=== Section Start ===

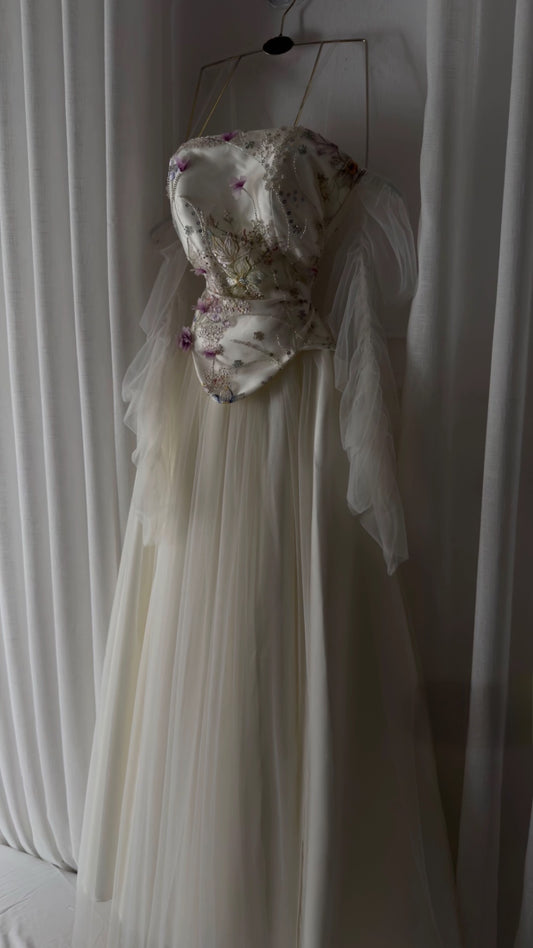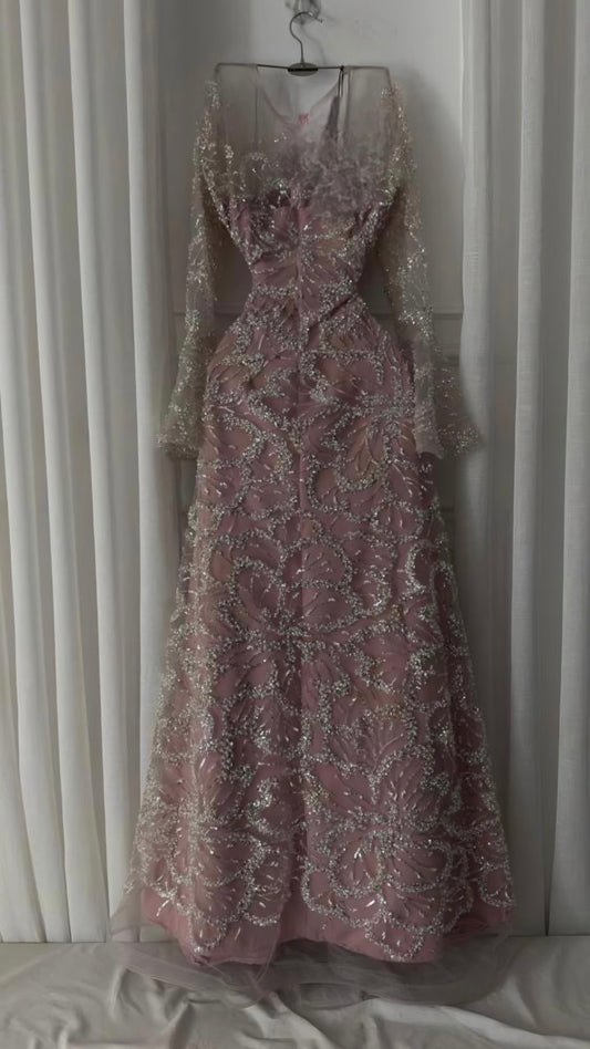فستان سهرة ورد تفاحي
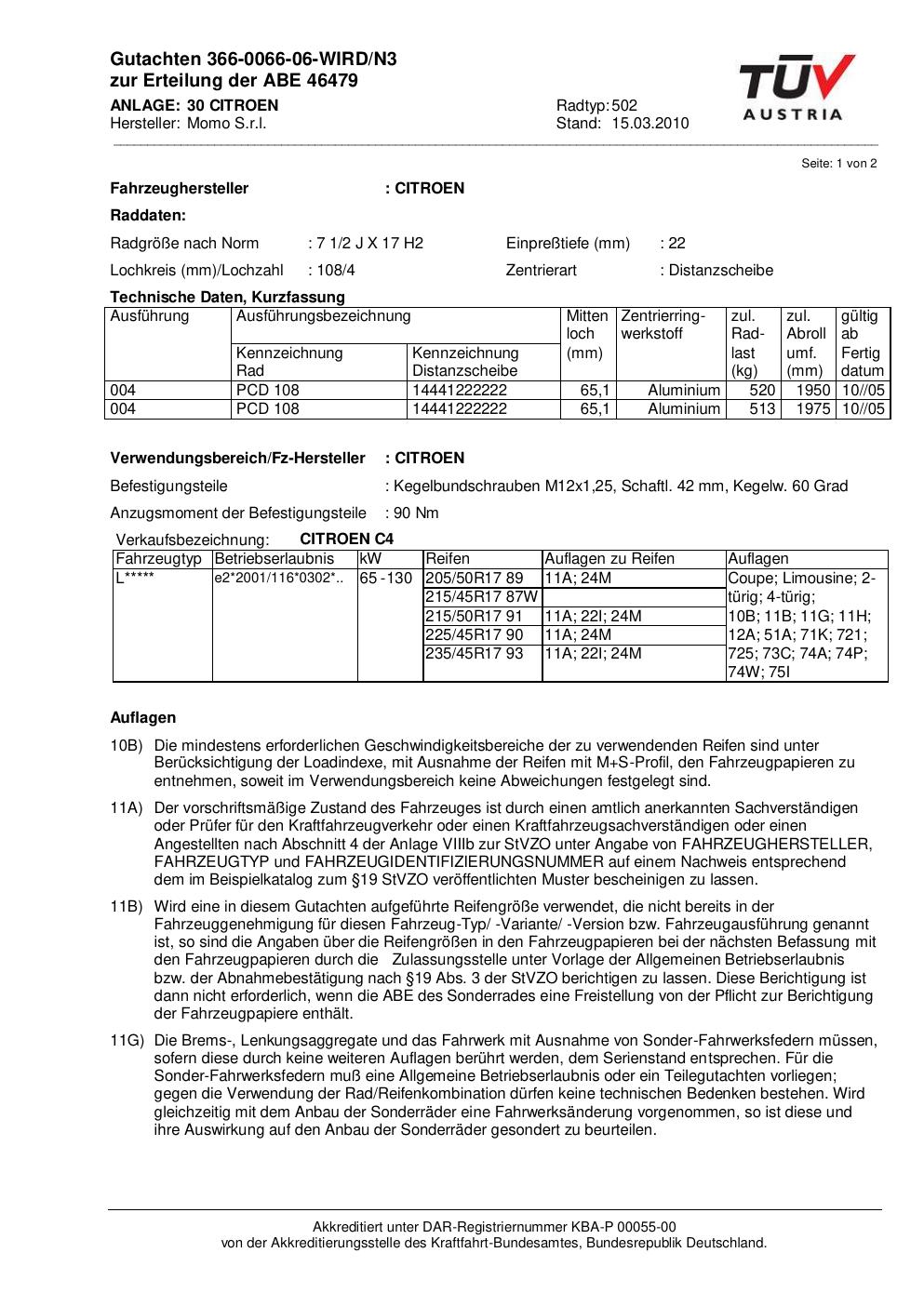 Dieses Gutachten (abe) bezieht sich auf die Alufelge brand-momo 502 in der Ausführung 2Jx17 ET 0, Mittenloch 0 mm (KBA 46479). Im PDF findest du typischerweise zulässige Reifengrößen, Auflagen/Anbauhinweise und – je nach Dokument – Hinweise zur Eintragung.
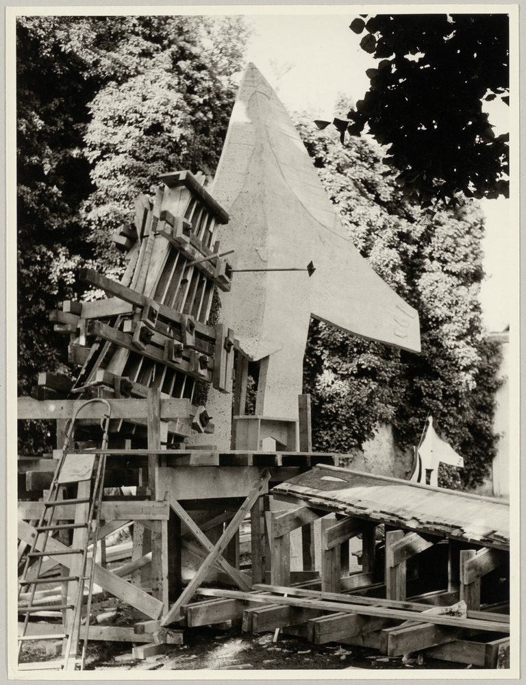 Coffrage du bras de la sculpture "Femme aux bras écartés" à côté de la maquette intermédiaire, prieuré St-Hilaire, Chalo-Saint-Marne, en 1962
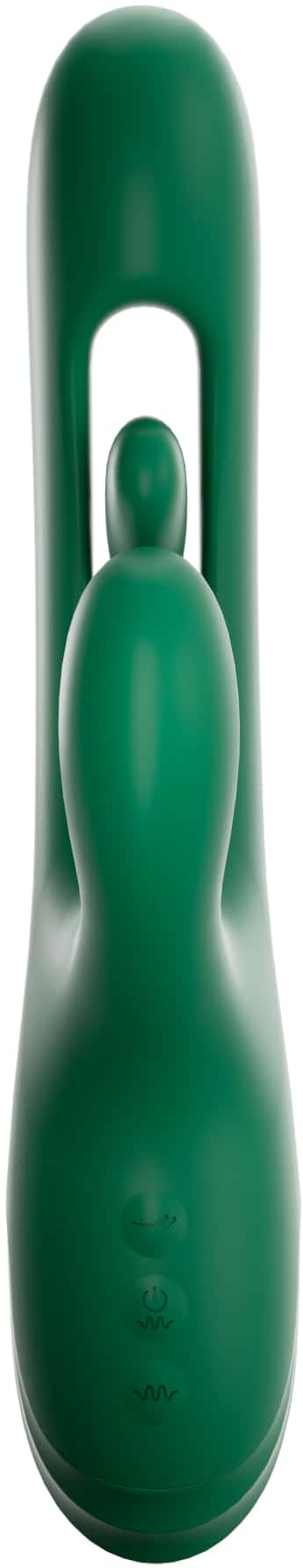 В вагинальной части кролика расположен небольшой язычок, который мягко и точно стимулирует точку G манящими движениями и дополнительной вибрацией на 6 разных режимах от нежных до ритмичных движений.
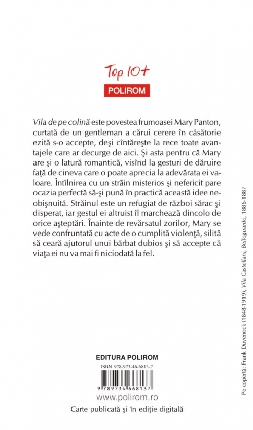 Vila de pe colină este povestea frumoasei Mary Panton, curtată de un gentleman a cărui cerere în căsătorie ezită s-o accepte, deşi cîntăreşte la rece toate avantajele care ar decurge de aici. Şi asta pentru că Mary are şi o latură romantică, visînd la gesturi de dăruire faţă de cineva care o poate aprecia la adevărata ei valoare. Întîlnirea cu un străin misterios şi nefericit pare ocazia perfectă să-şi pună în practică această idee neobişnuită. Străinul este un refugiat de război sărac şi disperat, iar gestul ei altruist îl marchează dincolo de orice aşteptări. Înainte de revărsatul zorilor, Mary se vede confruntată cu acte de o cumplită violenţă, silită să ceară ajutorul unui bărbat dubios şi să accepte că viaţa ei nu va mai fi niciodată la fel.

=== Section End ===

■ **ABOUT THIS TASK**
Print the data above exactly, from its first line to the line bearing "В вагинальной части" inclusive, and keep pictures out of the result.

■ **EXPECTED ANSWER**
فستان سهرة ورد تفاحي
 Dieses Gutachten (abe) bezieht sich auf die Alufelge brand-momo 502 in der Ausführung 2Jx17 ET 0, Mittenloch 0 mm (KBA 46479). Im PDF findest du typischerweise zulässige Reifengrößen, Auflagen/Anbauhinweise und – je nach Dokument – Hinweise zur Eintragung.
 Coffrage du bras de la sculpture "Femme aux bras écartés" à côté de la maquette intermédiaire, prieuré St-Hilaire, Chalo-Saint-Marne, en 1962
 В вагинальной части кролика расположен небольшой язычок, который мягко и точно стимулирует точку G манящими движениями и дополнительной вибрацией на 6 разных режимах от нежных до ритмичных движений.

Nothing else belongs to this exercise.